Home > Software engineering >  How to fast-forward @@DBTS in a MS SQL Server database?
How to fast-forward @@DBTS in a MS SQL Server database?

Time:03-01

Is there a legit or a hacky way to override or "fast-forward" value of @@DBTS in SQL server? The only way I was able to do it is to do some dummy updates to a table that has a timestamp / rowversion column in a loop, where one loop step is like:

SELECT @@DBTS -- original value

-- no-op update that increments @@DBTS nevertheless
UPDATE Table_with_a_rowversion_column SET any_other_column = any_other_column

SELECT @@DBTS -- value has incremented by a number of rows in Table_with_a_rowversion_column

I don't like this because it's slow and takes resources. I want to increment @@DBTS by many billions and do it fast - as much as 16^9. My loop script did less than 16^8 of incrementing in 30 minutes, so it'll take at least 8 hours.

Background / why anybody would want to do that?

I'm migrating data from database 1 to database 2. They have different schemas, but both 1 & 2 have a "state" table (about a million of rows) and a "state_history" table (10's of millions rows).

state table has a rowversion column. trigger on state table inserts pre-update data into state_history table (subject to some filtering) - including captured rowversion value (saved as binary(8))

union of state and state_history sorted by the rowversion/binary(8) column is the only reliable way to sort latest & historical values in the order they actually occurred (captured system clock is not always reliable).

I want to keep same monotonically increasing rowversion invariant in target database 2, few parts of the system rely on this invariant. I do have control over historical rowversions because it's binary(8) but they range from as little as 16^5 to as much as 16^9 i.e. there`s no large base value to subtract so I have to keep them as is.

But I don't have any control over the main target state table - SQL inserts small rowversion values based on target database's @@DBTS. I wish I could simply tell it to override it to 16^9 and then run my migration script.

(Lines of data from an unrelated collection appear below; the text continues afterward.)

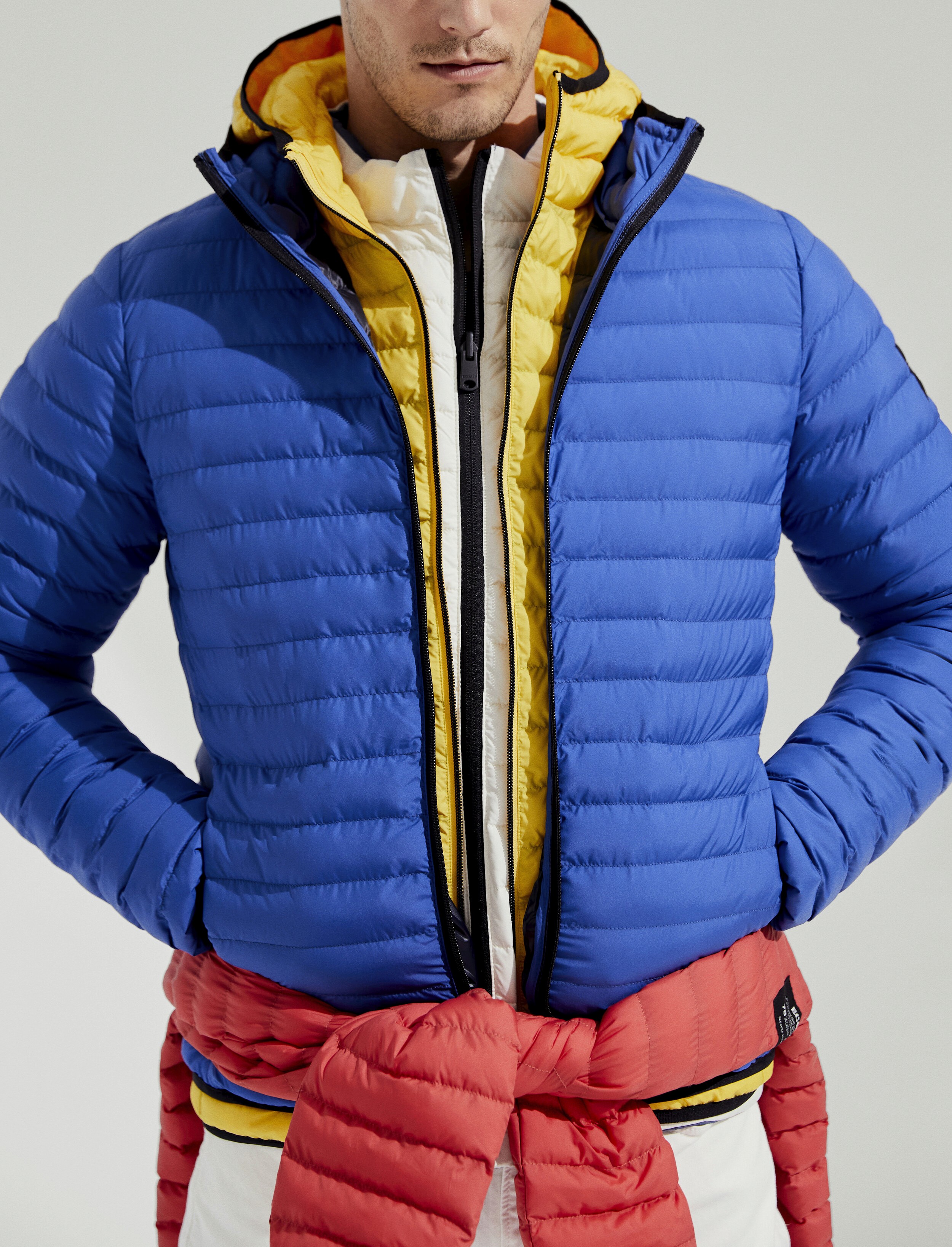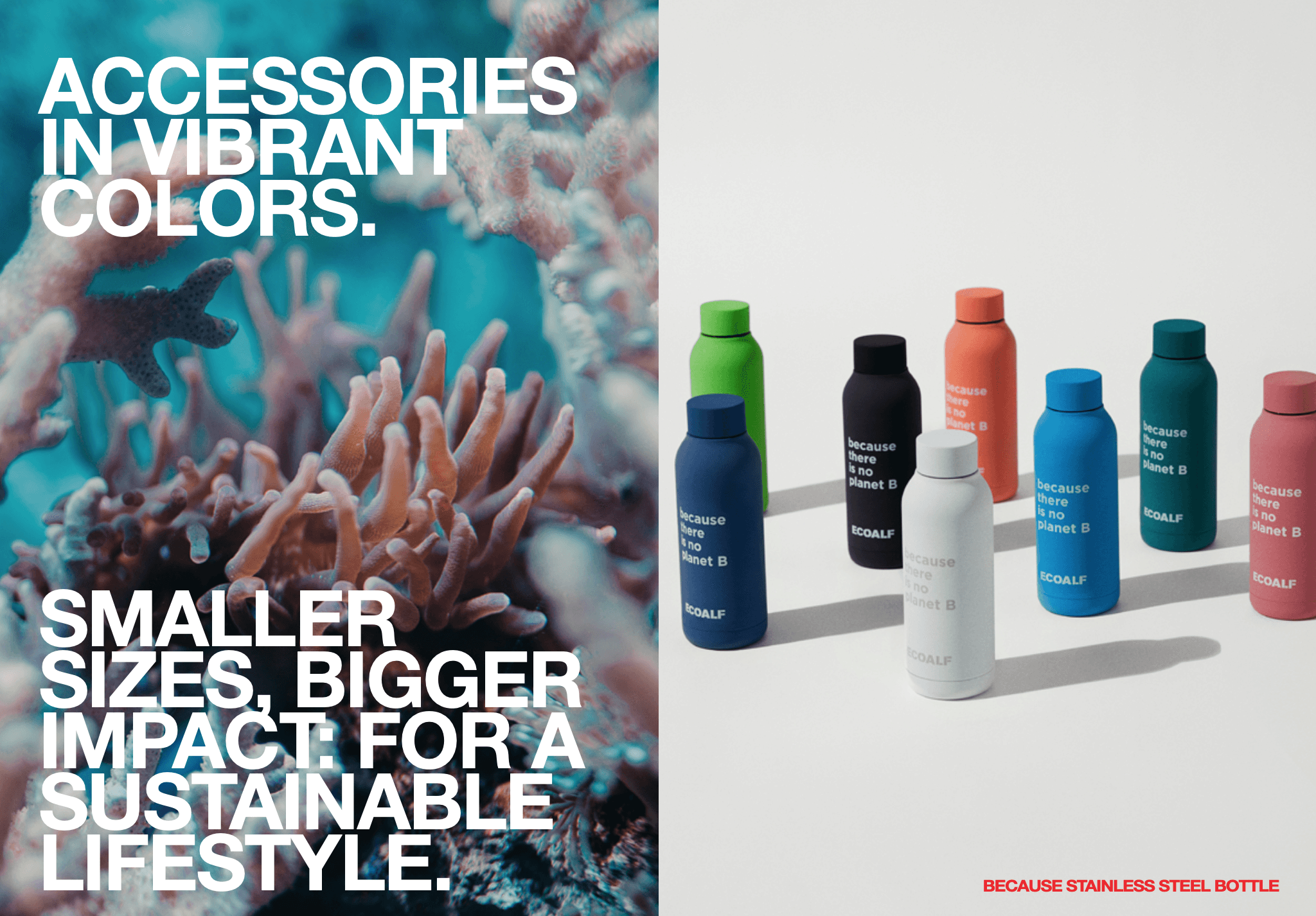 Le jaune, le bleu et le corail reflètent la diversité de couleurs et la bonne santé des fonds marins que Ecoalf veut protéger de l'extinction. Ces couleurs intenses deviennent de plus en plus transparentes et blanches. Tout comme la vie marine qui disparaît.
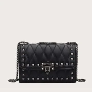 Studded Black Chain Shoulder Evening Shoulder Bag
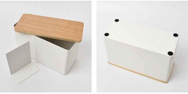 | 素材 | 本体・仕切り板:スチール (粉体塗装)蓋:天然木積層合板(ラッカー塗装) |

CodePudding user response:

There is sort-of an easy win. @@DBTS will update for INSERTs and it's not unique to real tables. The following code makes a dummy table and then inserts a (binary) BILLION rows in 3 minutes flat on my laptop. To change the value by 16^9, it will take 64 iterations of the Truncate/Insert section and 64*3.2 is "only" 204.8 minutes (3.413) hours and, when it's all done, your log file will still be small and your PRIMARY filegroup will not have grown at all.

Note that you need to be in either the BULK_LOGGED or SIMPLE Recovery Model when you run this or it will seriously explode your T-Log File. The resulting HEAP will be 18.75GB in size but it only uses 450MB (not a misprint... Megabytes) of T-LOG.

Details are in the comments. READ THE COMMENTS! THEY'RE IMPORTANT!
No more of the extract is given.